Complex carbohydrates consumed cannot be absorbed into the small intestine in their original form. First, they must be hydrolyzed to a monosaccharide form such as glucose or galactose. These monosaccharides are then transported across the intestinal membrane and into the blood via transcellular transport. The intestinal epithelial cells allow the movement of these monosaccharides with a defined 'entry' through membrane transporter proteins present on their apical membrane and 'exit' via the basolateral membrane proteins.

The classical pathway for this absorption across the intestinal membrane is mediated by a symporter, sodium-glucose linked transporter 1 (SGLT1). SGLT1 is present on the apical membrane of intestinal epithelial cells and couples the transport sodium ions and the monosaccharides l(glucose or galactose) into the cell.

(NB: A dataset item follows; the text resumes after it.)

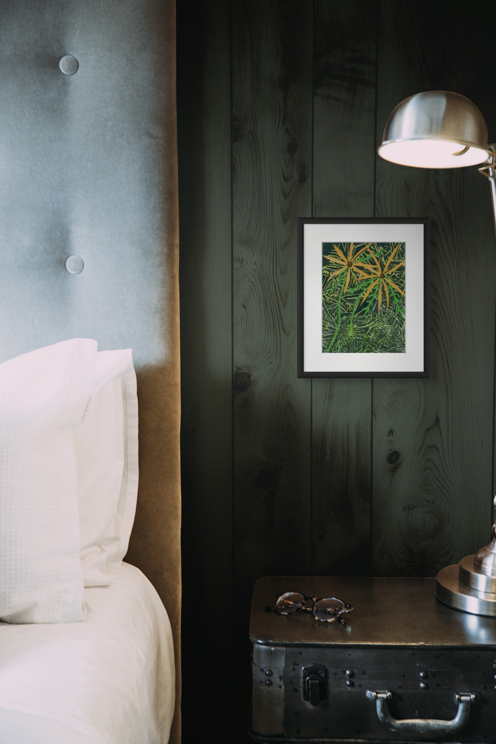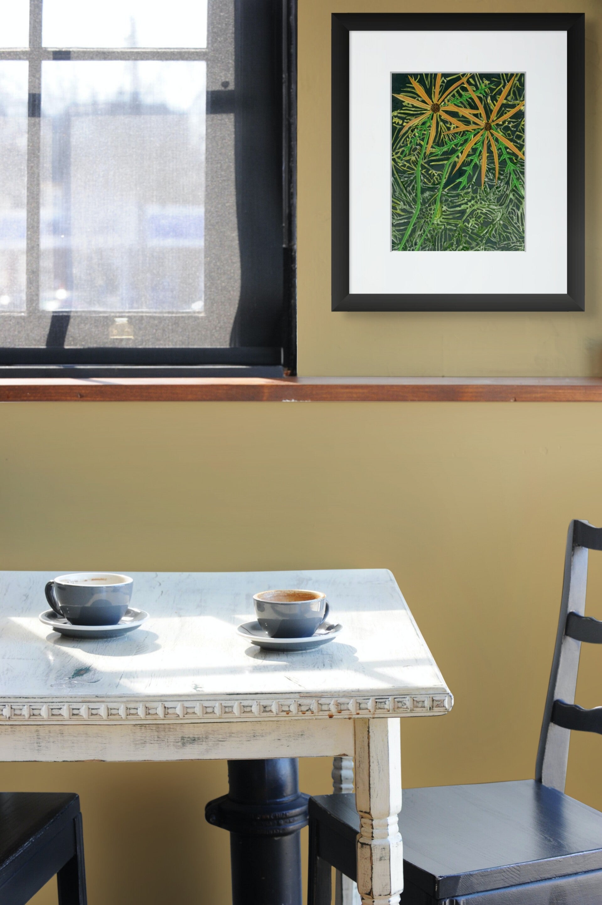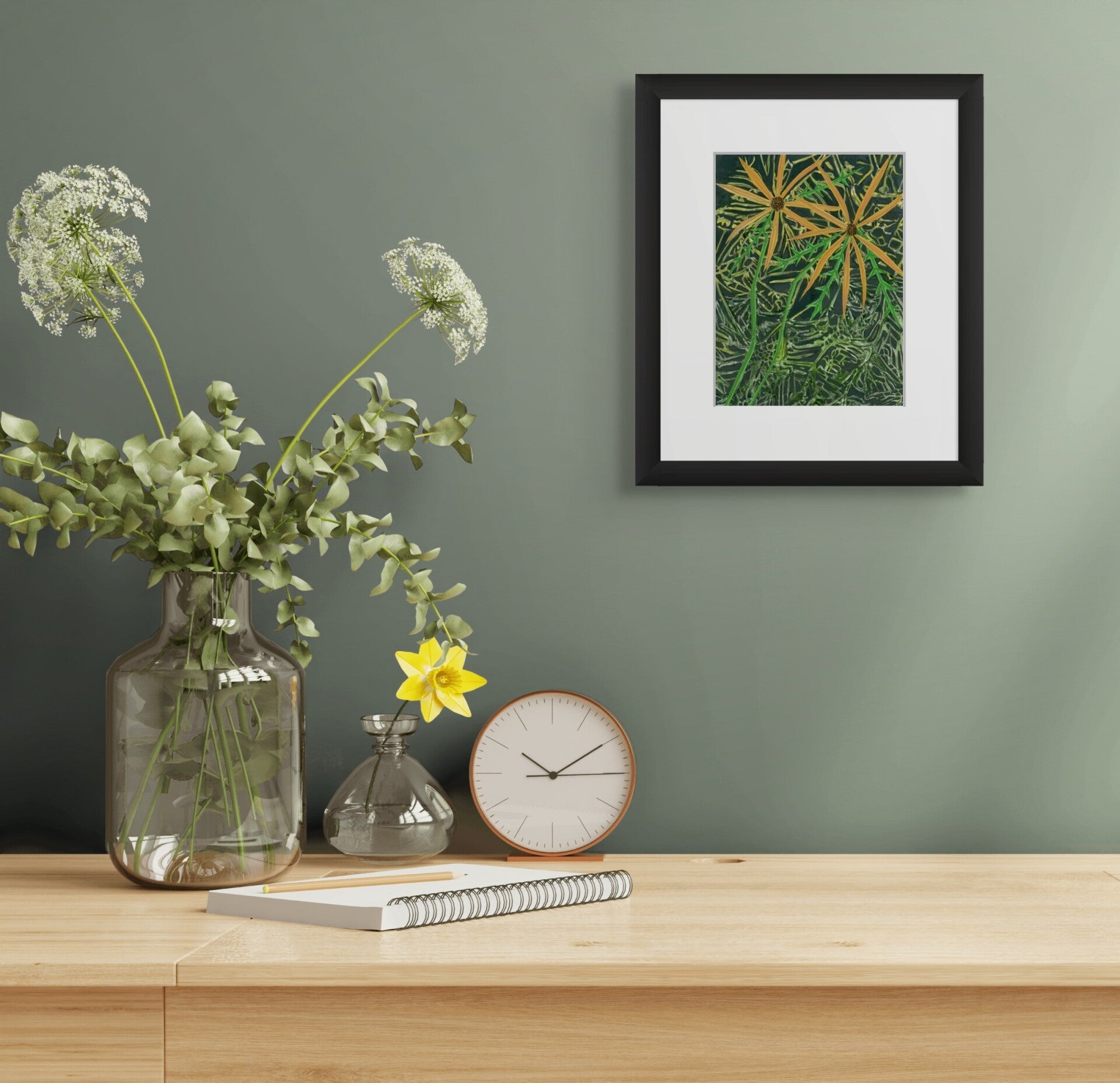 In this collage/print/acrylic drawing on paper, spiked orange flowers stand out against a complex, abstract pattern of green foliage. The bold contrast between the fiery orange blooms and the intricate, layered greens creates a dynamic interplay of colour and form, evoking a sense of vibrant, natural energy within a visually complex landscape. This artwork started life as a print using heat-treated plastic/foil which then suggested this image to me. It was further worked with acrylic pens and collage. The process is detailed in this video.

The absorption of glucose in the small intestinal epithelium is electrogenic, depending on the membrane potential of the intestinal epithelial cells that regulate the activity of SGLT1. The maintenance of membrane potential depends on the activities of the channels and transporters. In the small intestine's epithelial cells, the potassium channels provide the driving force required for sodium-dependent uptake of glucose into the intestinal epithelial cells. The glucose uptake is further driven by the sodium transmembrane gradient and membrane potential maintained by the sodium-potassium pump. Thus, the sodium-potassium pump and potassium channel play a vital role in the glucose movement into the cell. The accumulated glucose is transported via GLUT2 transporter protein on the basolateral membrane.

Metabolic disorders like diabetes show increased expression of SGLT1, contributing to increased glucose absorption in the small intestine. Therefore, reducing the SGLT1-mediated transport of glucose appears to be one of the therapeutic targets for diabetes treatment.